Точка зрения традиционалистов была прямо противоположной. Бенуа считал, что культура не может существовать «вне психологии личной заинтересованности»[782]. Больше того, он писал: «в глубине души я… убежден, что вся культура зиждется на институте частной собственности»[783]. Художники его круга даже в трудные революционные годы продавали и покупали, собирали предметы искусства (кроме Бенуа, коллекции собирали Рерих, Браз и др., сам Бенуа занимался дилерством и экспертизой); их жизненный уклад, даже стесненный новой властью, оставался эстетически оформленным. Личные коллекции давали важный импульс собственному творчеству; так, собранные Судейкиным игрушки становились персонажами его картин, полукитчевые, наивные раритеты, найденные на Александровском рынке (Вера Судейкина называет его посещения: «[наши] самые счастливые минуты»[784]), тут же переносились на холсты.

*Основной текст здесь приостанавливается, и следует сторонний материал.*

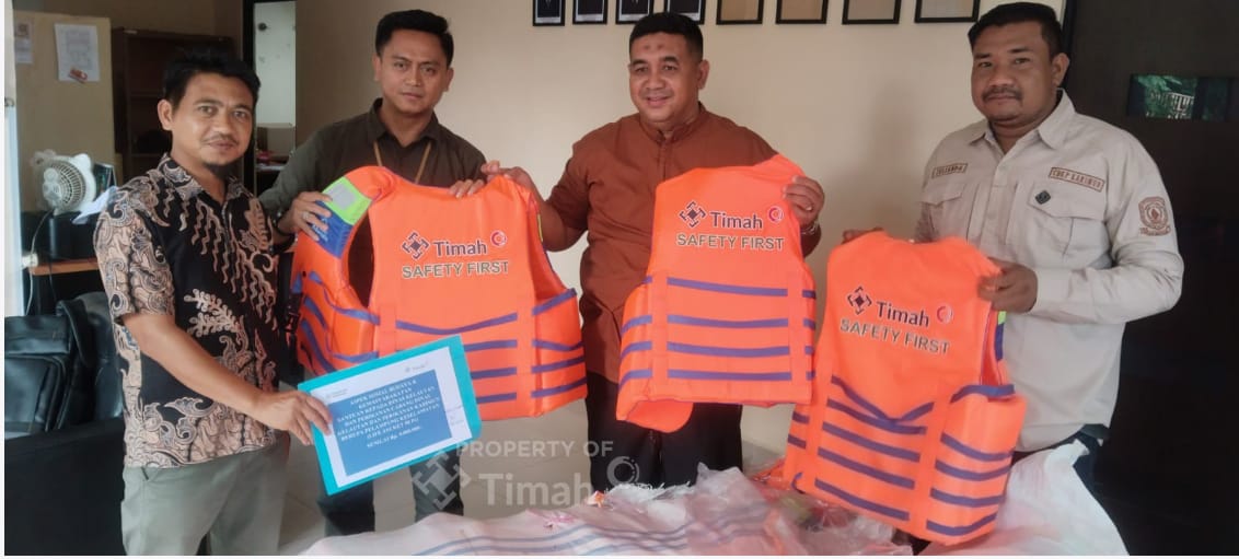 PT TIMAH Tbk kembali menunjukkan komitmennya dalam mendukung keselamatan dan kesejahteraan masyarakat pesisir khususnys nelayan. Melalui Program Tanggung Jawab Sosial dan Lingkungan (TJSL), PT TIMAH Tbk menyalurkan bantuan life jacket kepada kelompok nelayan di Kabupaten Karimun, Provinsi Kepulauan Riau.

Мирискусники любили вместе рассматривать коллекции, показывать друг другу новые приобретения, обмениваться рисунками. (В среде авангардистов это было редкостью – можно ли себе представить, допустим, Малевича и Татлина, которые обмениваются понравившимися работами? Мне попалось только одно упоминание об обмене рисунками – между Кандинским, Родченко и Шевченко, но это очевидное исключение[785].)

Значит ли это, что левым художникам, в принципе, было чуждо то чувство «трепетности и интимности»[786], какое вызывало у Бенуа личное общение с произведениями из собственной коллекции? Насколько вообще художнику-изобретателю необходимо «держать перед глазами» картины других авторов? На этот вопрос не так легко ответить. У Татлина, по словам Пестель, «нет ни одной работы Ларионова, ни одной репродукции. Книги, репродукции вообще для него не существуют»[787]. Малевич, напротив, постоянно смотрел живопись в музеях и книгах (конечно, не владея оригиналами Сезанна или Пикассо). Экстер в 1920 году просила у Родченко «какую-нибудь его картину на время дать ей повисеть у себя в комнате»[788]. Пожалуй, можно назвать только одного страстного коллекционера среди авангардистов – это Ларионов, но его собирательство было во многих отношениях необычно: необъятная коллекция захватывала все жизненное пространство, круг интересов постоянно расширялся, так что в конце жизни художник не мог не только систематизировать, изучать или показывать, но и просто пользоваться своими сокровищами.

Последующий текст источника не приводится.